[Opening Dataset content section]
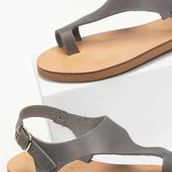 Best Pirce 👍 Συμφωνίες 🎁 Πέδιλα Estil δερμάτινα ίσια – Γκρι 🧨 😀
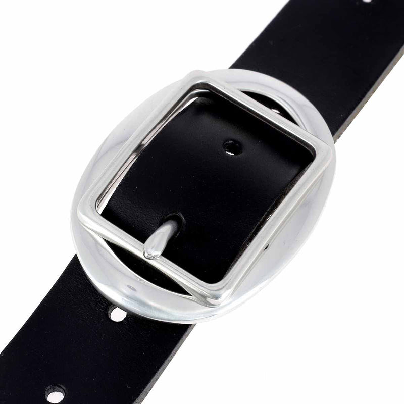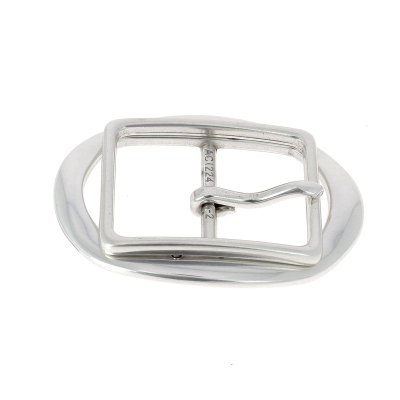 Double tongue belt buckle for a leather strap up to 35 mm wide. This loop mixes geometric figures: the rectangle is superimposed on the oval shape and thus creates relief. The 35 mm strap perfectly fits the size of the rectangle and will make your belt (or other leather creation) both original and timeless.
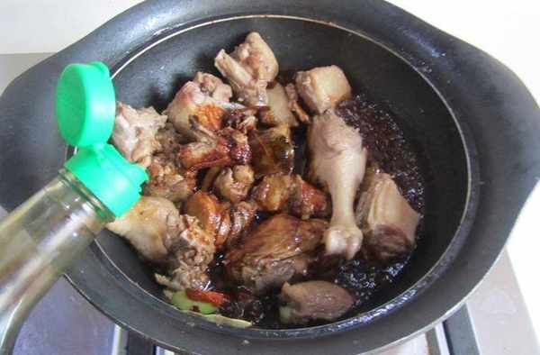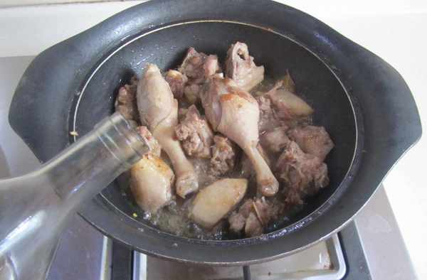 6.翻炒至冰糖完全融化後加入料酒進去煸炒;
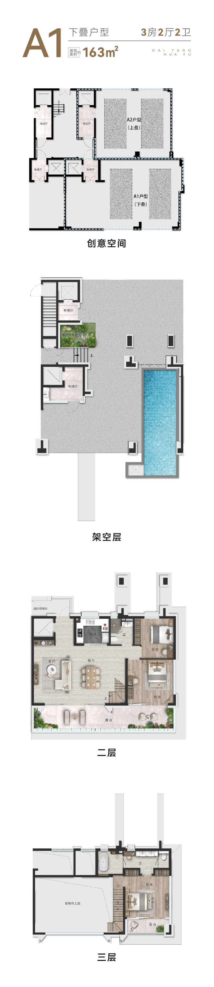 低密栖海叠拼:上叠约165㎡,下叠约163㎡
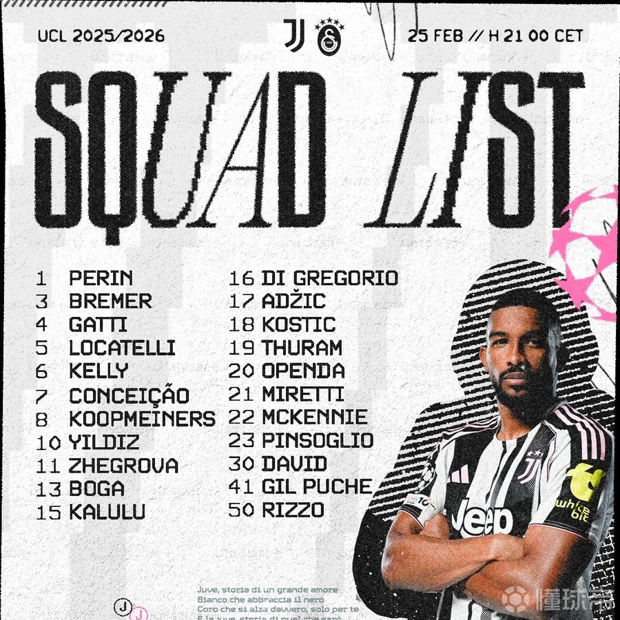尤文vs加拉塔萨雷大名单:伊尔迪兹领衔,布雷默、卡卢卢回归
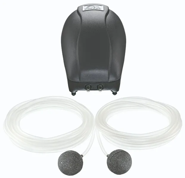 Met de Pontec PondoAir 200 luchtpompset haal je eenvoudig extra zuurstof in huis voor je vijverleven! Deze set is perfect voor vijvers tot 4000 liter en biedt een zuurstofcapaciteit van 200 liter per uur. De set bestaat uit een luchtpomp, 2 x 5 meter lange luchtslangen, 2 uitstroomstenen en 2 reservemembranen. Bovendien heeft de PondoAir 200 een veiligheidsklasse IP 44, waardoor hij bestand is tegen spatwater, zodat je hem zowel binnen als buiten kunt gebruiken. Met een laag geluidsniveau en een vermogen van 4 watt, is de Pontec PondoAir 200 een betrouwbare keuze om je vijver zuurstofrijk te houden!
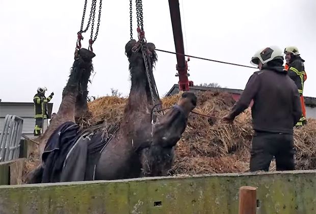 Ein Video des WDR zeigt, wie das Pferd kopfüber mit Ketten an den Beinen aus dem Mist gezogen werden musste. Wie das Tier in den Misthaufen gelangte, war zunächst unklar.
[Closing Dataset content section]
Action item: An exact copy of the material above is required, minus its images.

Reply:
 Best Pirce 👍 Συμφωνίες 🎁 Πέδιλα Estil δερμάτινα ίσια – Γκρι 🧨 😀
 Double tongue belt buckle for a leather strap up to 35 mm wide. This loop mixes geometric figures: the rectangle is superimposed on the oval shape and thus creates relief. The 35 mm strap perfectly fits the size of the rectangle and will make your belt (or other leather creation) both original and timeless.
 6.翻炒至冰糖完全融化後加入料酒進去煸炒;
 低密栖海叠拼:上叠约165㎡,下叠约163㎡
尤文vs加拉塔萨雷大名单:伊尔迪兹领衔,布雷默、卡卢卢回归
 Met de Pontec PondoAir 200 luchtpompset haal je eenvoudig extra zuurstof in huis voor je vijverleven! Deze set is perfect voor vijvers tot 4000 liter en biedt een zuurstofcapaciteit van 200 liter per uur. De set bestaat uit een luchtpomp, 2 x 5 meter lange luchtslangen, 2 uitstroomstenen en 2 reservemembranen. Bovendien heeft de PondoAir 200 een veiligheidsklasse IP 44, waardoor hij bestand is tegen spatwater, zodat je hem zowel binnen als buiten kunt gebruiken. Met een laag geluidsniveau en een vermogen van 4 watt, is de Pontec PondoAir 200 een betrouwbare keuze om je vijver zuurstofrijk te houden!
 Ein Video des WDR zeigt, wie das Pferd kopfüber mit Ketten an den Beinen aus dem Mist gezogen werden musste. Wie das Tier in den Misthaufen gelangte, war zunächst unklar.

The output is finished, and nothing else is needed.